Хмурить брови у меня выходило отлично.
– «Неправедно пришедшее да будет отдано Милосердной», – выпалила Консуэло. – «Кто платит за неблагочестивый труд, сам противен в глазах Милосердной».
– Ты занималась неблагочестивым трудом? – спросила я. – Помни, что Милосердная прощает чужой кусок, но не прощает обман.
– Я каюсь, сестра, – потупилась Консуэло. И поди разбери, в чем именно.

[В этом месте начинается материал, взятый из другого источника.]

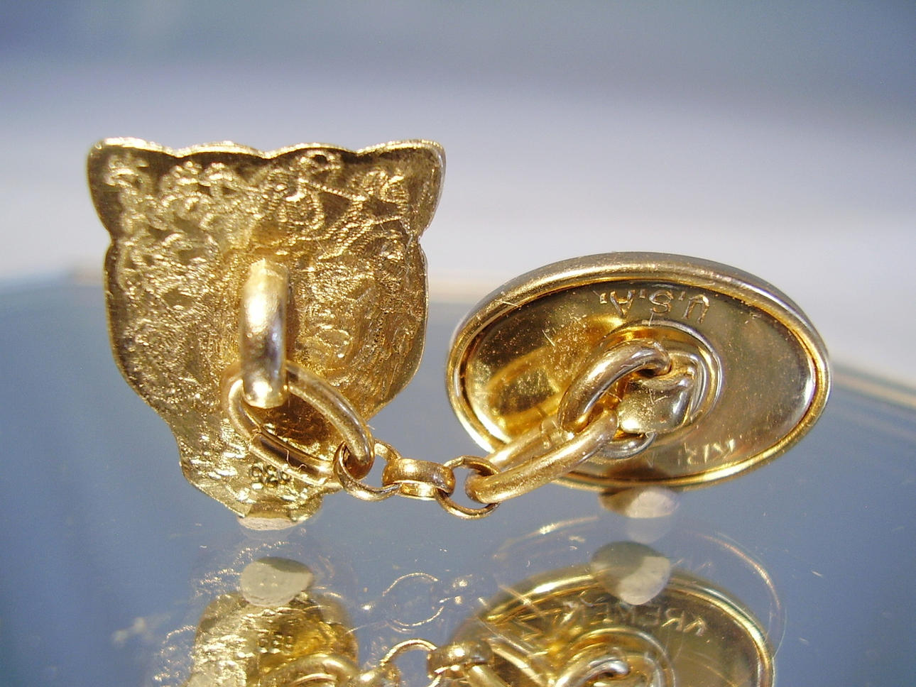 I silver 935 och förgyllda gult guld 585:e, Art Deco, Krementz, USA. Format panter 1,5 x 1,3 cm, hänge (ovalt) 1,6 x 1,1 cm, vikt 13,3 gram.
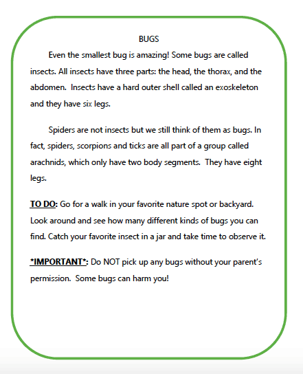 We love looking for bugs under old logs or pieces of bark, looking for frogs in streams, and chasing butterflies around open fields. I realize that this might not be for everyone, so it’s perfectly find to study your bug from a distance! (or even online :))

Здесь была непонятная система – пока непонятная. Но, вероятно, и до наших ученых дошли не все тонкости права давних времен. Отголоски того, что я сейчас слышала, пытаясь сохранить при этом невозмутимость, я наблюдала в современной мне англосаксонской системе права. Прецеденты – та еще насмешка, но что когда-то секли шкафы и казнили стулья, что в двадцать первом веке запрещали носить не тот цвет нижнего белья лишь потому, что когда-то кто-то засмотрелся на виднеющиеся сквозь белую юбку красные труселя и наехал на остановку.
– Подите обе вон, – велела я. – И помните, вы в Доме святом. Покаяние не отменяю. Молитесь и думайте о грехе.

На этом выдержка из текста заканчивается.